**Available data:**
########

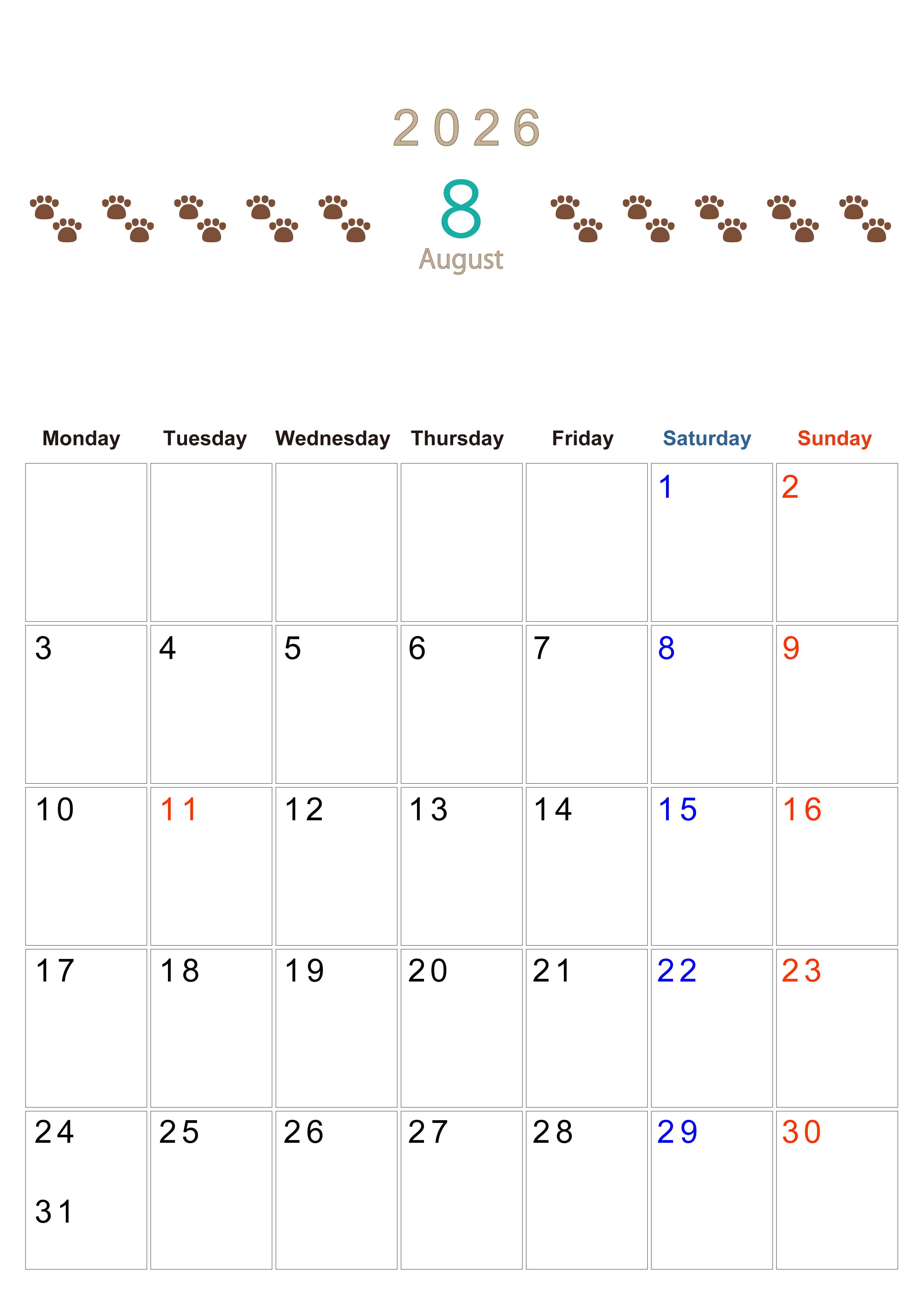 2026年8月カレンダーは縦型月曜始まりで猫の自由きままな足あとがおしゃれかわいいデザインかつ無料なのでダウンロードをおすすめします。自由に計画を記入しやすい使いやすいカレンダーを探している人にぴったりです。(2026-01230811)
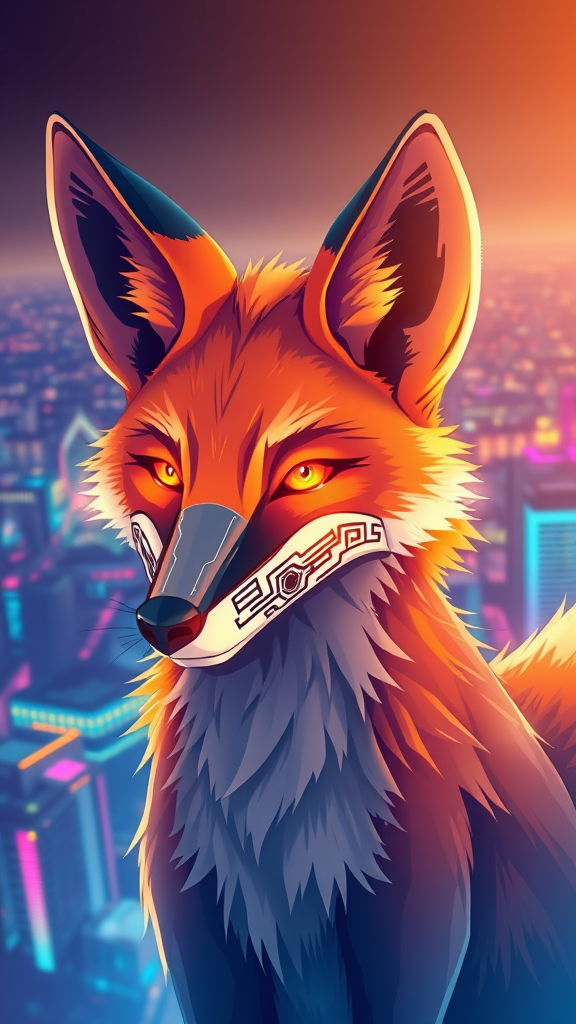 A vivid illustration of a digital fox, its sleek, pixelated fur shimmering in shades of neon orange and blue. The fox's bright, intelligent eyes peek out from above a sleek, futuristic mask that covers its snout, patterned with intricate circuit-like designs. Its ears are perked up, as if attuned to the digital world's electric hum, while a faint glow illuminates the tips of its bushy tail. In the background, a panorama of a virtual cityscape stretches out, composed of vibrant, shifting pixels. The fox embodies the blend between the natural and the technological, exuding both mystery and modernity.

########

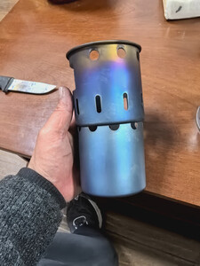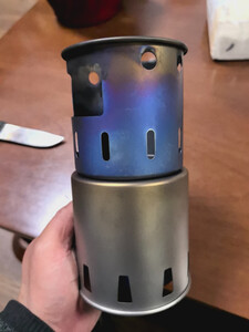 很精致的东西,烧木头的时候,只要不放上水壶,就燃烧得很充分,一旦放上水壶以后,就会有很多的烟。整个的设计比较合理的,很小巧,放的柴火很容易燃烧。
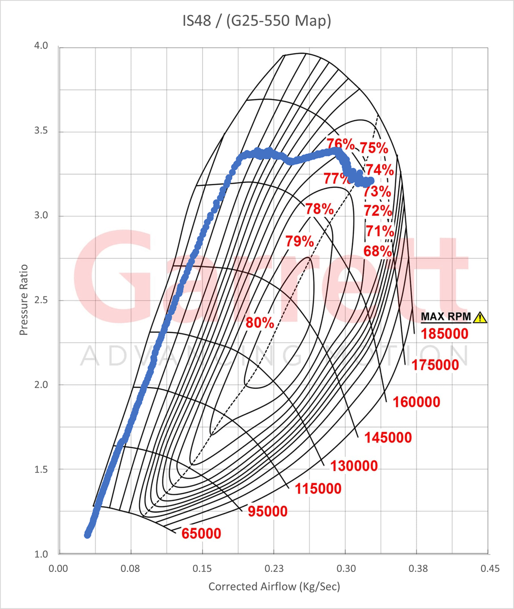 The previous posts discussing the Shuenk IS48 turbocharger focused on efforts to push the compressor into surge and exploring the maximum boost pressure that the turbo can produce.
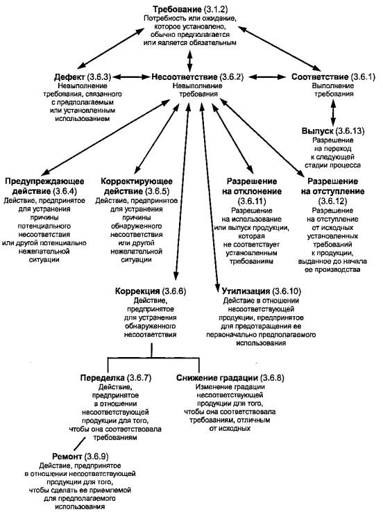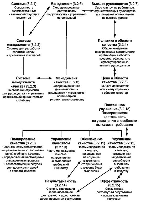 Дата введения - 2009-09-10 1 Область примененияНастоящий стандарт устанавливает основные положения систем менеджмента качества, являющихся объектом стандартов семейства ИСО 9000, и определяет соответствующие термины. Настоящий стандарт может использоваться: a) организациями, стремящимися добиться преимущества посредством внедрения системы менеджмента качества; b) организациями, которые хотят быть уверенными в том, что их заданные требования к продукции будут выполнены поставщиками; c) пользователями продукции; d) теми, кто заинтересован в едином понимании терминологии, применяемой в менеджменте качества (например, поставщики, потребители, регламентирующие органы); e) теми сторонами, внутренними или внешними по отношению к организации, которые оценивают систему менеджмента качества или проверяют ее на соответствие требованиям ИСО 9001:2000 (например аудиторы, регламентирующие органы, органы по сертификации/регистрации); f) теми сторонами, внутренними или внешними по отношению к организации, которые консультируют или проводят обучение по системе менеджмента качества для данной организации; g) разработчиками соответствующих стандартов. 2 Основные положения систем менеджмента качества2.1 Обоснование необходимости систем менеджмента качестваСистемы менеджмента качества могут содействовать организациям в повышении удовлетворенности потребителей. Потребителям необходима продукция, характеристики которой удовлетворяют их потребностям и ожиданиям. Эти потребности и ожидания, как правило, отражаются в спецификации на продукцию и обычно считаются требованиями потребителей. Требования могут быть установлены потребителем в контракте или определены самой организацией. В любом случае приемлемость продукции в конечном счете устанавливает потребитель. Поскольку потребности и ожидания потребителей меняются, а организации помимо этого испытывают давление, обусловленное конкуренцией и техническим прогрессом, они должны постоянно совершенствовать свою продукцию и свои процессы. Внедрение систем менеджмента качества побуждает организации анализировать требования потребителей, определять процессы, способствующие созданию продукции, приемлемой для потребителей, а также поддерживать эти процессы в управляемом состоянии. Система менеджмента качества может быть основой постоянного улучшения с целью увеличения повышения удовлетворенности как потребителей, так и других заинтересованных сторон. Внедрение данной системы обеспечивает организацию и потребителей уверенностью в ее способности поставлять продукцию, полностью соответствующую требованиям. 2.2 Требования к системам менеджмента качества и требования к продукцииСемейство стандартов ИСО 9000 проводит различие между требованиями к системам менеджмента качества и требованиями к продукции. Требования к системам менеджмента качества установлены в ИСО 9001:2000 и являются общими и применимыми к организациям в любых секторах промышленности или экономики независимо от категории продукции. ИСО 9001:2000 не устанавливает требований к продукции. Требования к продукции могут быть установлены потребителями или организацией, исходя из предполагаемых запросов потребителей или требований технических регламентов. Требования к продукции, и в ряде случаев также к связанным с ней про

########

**What you have to do:** An exact copy of the lines above from the one with "很精致的东西,烧木头的时候,只要不放上水" up to and including the one with "The previous posts" is required; reproduce only those lines, omitting all pictures.

**Exercise answer:**
 很精致的东西,烧木头的时候,只要不放上水壶,就燃烧得很充分,一旦放上水壶以后,就会有很多的烟。整个的设计比较合理的,很小巧,放的柴火很容易燃烧。
 The previous posts discussing the Shuenk IS48 turbocharger focused on efforts to push the compressor into surge and exploring the maximum boost pressure that the turbo can produce.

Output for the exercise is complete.